A distributed streaming execution library for Apache DataFusion.
datafusion-dist enables distributed query execution for DataFusion, allowing you to scale analytical workloads across multiple nodes.
- The application sends a physical plan to the runtime, which returns data stream back to the application.
- The cluster manages nodes and their states; the runtime sends heartbeats to the cluster periodically.
- The planner breaks down the physical plan into stages.
- The scheduler assigns stages to nodes based on cluster state.
- The executor runs tasks.
- The network layer handles communication between nodes.
Consider a SQL query: SELECT * FROM t1 JOIN t2 ON t1.name = t2.name
- The application parses the SQL and creates a physical plan:
CoalesceBatchesExec: target_batch_size=8192
HashJoinExec: mode=Partitioned, join_type=Inner, on=[(name@0, name@0)]
CoalesceBatchesExec: target_batch_size=8192
RepartitionExec: partitioning=Hash([name@0], 12), input_partitions=2
DataSourceExec: partitions=2, partition_sizes=[1, 1]
CoalesceBatchesExec: target_batch_size=8192
RepartitionExec: partitioning=Hash([name@0], 12), input_partitions=2
DataSourceExec: partitions=2, partition_sizes=[1, 1]
- The application sends the physical plan to the runtime.

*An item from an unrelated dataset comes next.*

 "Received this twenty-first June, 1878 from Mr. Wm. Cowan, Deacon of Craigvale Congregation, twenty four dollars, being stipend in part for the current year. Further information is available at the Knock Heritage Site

The runtime uses the planner to break down the physical plan into stages:
===============Stage 0 (partitions=12)===============
CoalesceBatchesExec: target_batch_size=8192
HashJoinExec: mode=Partitioned, join_type=Inner, on=[(name@0, name@0)]
ProxyExec: delegated_plan=CoalesceBatchesExec, delegated_stage=2
ProxyExec: delegated_plan=CoalesceBatchesExec, delegated_stage=1
===============Stage 1 (partitions=12)===============
CoalesceBatchesExec: target_batch_size=8192
RepartitionExec: partitioning=Hash([name@0], 12), input_partitions=2
DataSourceExec: partitions=2, partition_sizes=[1, 1]

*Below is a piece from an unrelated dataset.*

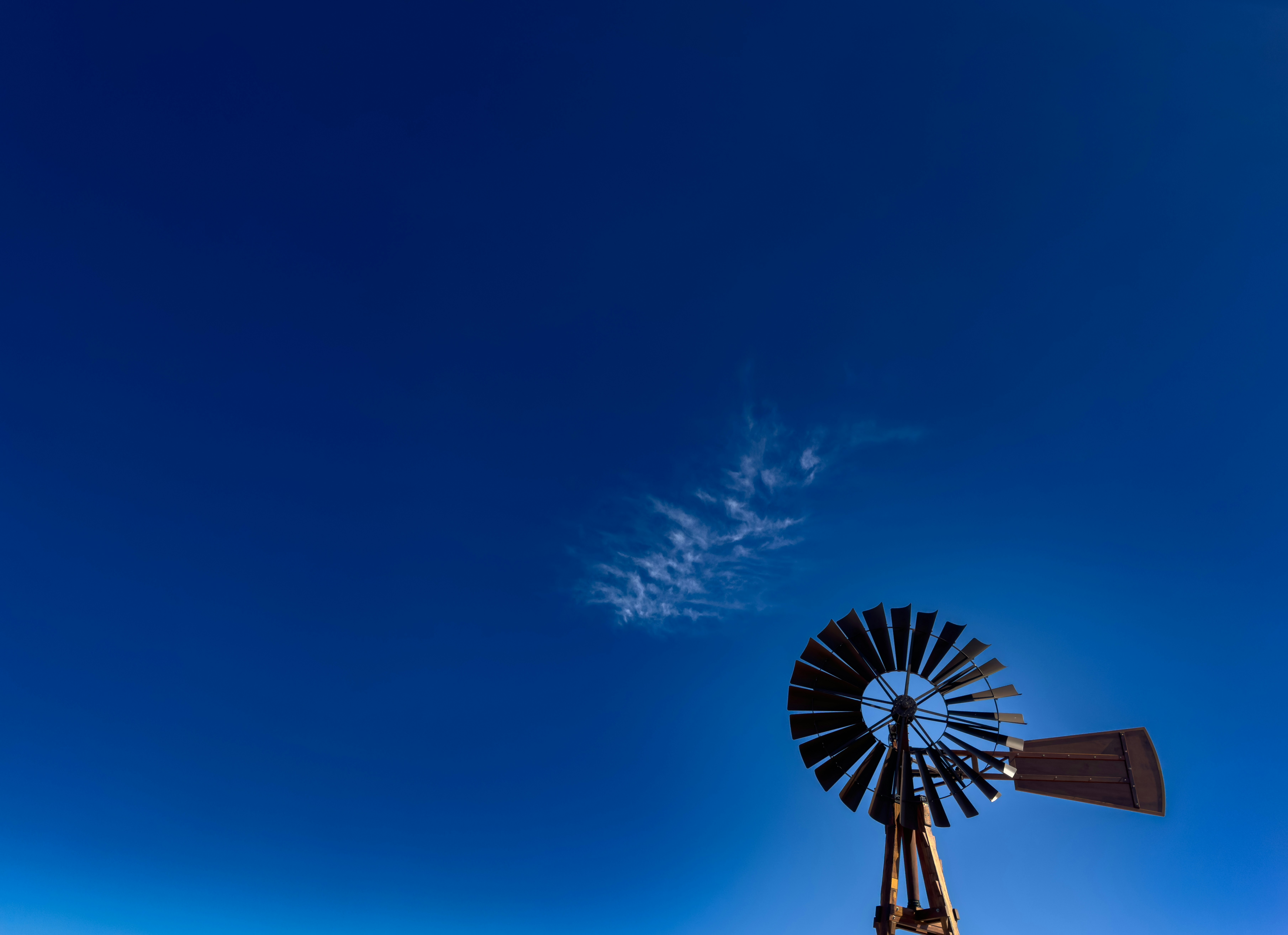 Dark blue sky with a windmill in the lower right of the image.

===============Stage 2 (partitions=12)===============
CoalesceBatchesExec: target_batch_size=8192
RepartitionExec: partitioning=Hash([name@0], 12), input_partitions=2
DataSourceExec: partitions=2, partition_sizes=[1, 1]
- The runtime uses the scheduler to assign stages to nodes:
0/{0,3,6,9},1/{0,1,2,3,4,5,6,7,8,9,10,11}->localhost:50060, 0/{1,4,7,10}->localhost:50070, 0/{2,5,8,11},2/{0,1,2,3,4,5,6,7,8,9,10,11}->localhost:50080
- The runtime returns tickets to the application, which can use them to fetch the data stream.
- Distributed streaming execution for DataFusion plans
- Pluggable cluster management (PostgreSQL supported)
- Pluggable network layer (Tonic/gRPC supported)
- Extensible planner for custom stage planning
- Extensible scheduler for custom task scheduling
- Extensible executor for custom task execution
datafusion-dist/
├── dist/ # Core distributed execution library
├── clusters/
│ └── postgres/ # PostgreSQL-based cluster management
├── networks/
│ └── tonic/ # gRPC network layer using Tonic
└── integration-tests/ # Integration test suite
This project is licensed under the MIT License — see the LICENSE file for details.